O meu cabelo está sempre do mesmo tamanho porque sempre que as pontas começam a ficar feias (vulgo espigadas) é hora de cortar. E então é sempre vira o disco e toca o mesmo. Ficam feias, corto, cresce e as pontas ficam feias e…corto. E é este o ciclo da minha vida capilar.

A decisão começa largos dias antes. E está sempre entre cortar o equivalente a três ou quatro dedos. É um drama. Hoje tinha decidido cortar quatro. Já na cabeleireira, começam a dar-me os nervos. Vejo as revistas e quero fazer imensos cortes, mas volto à realidade quando me dizem “pode passar ali para a lavagem”, e volto a pensar em “três ou quatro dedos”, analisando já o tamanho da mão da senhora (para decidir se são três ou quatro dedos avaliando pelo tamanho da mão dela.)

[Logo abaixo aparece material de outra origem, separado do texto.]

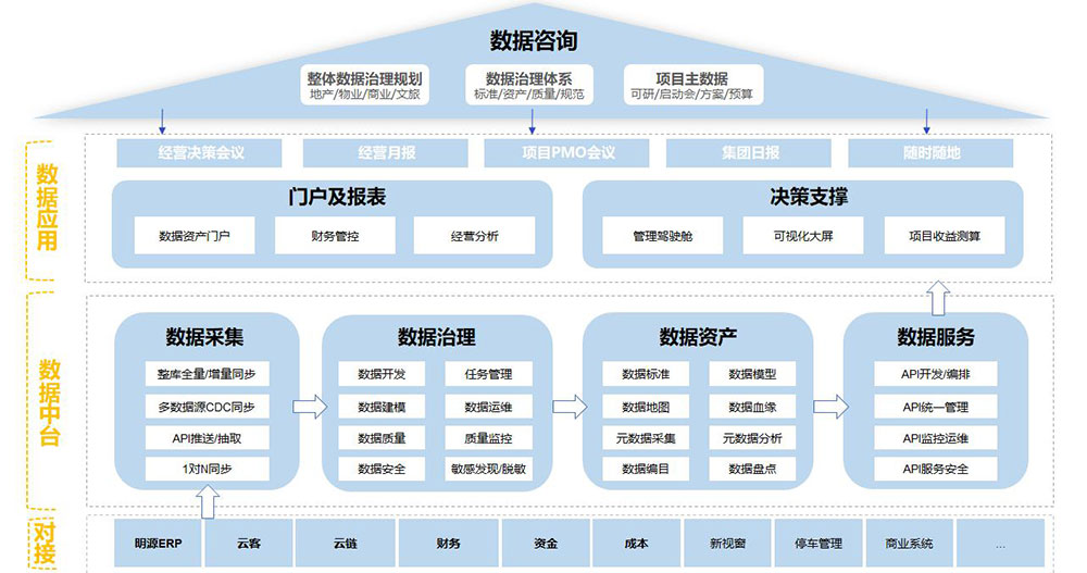 各板塊綜合數(shù)據(jù)從各套系統(tǒng)中取數(shù)后合并報表提報、整合耗時,未形成一套完整、統(tǒng)一的數(shù)據(jù)平臺賦能業(yè)務(wù);

Durante o tempo em que estou sentada na cadeira da morte, passo o tempo a imaginar o que se passa lá atrás. O que é que aquela tesoura maligna estará a fazer? De certeza que não está a fazer nada do que lhe pedi.Quando eu era pequena a minha avó e a minha mãe costumavam acenar à senhora para me cortar mais, mais e mais, muito mais do que aquilo que eu tinha pedido. Acho que nasceu um trauma.

Nessa altura, eu quis ser cabeleireira. Brincava sempre com a mesma boneca a quem metia rolos e depois um saco na cabeça, a fazer de secador (daqueles esquisitos que há nos salões de beleza). Só me voltava a lembrar dela dias depois. Foi nessa altura que pensei que não, o meu futuro não passava por torturar as pessoas.

Hoje, os quatro dedos da senhora não eram equivalentes aos meus quatro dedos. De modo que resolvi indicar “são três dedos” e acrescentar, para não haver mal entendidos, “é só mesmo para cortar as pontas!”.

Cortar o cabelo cansa-me. Cortar o cabelo dói-me.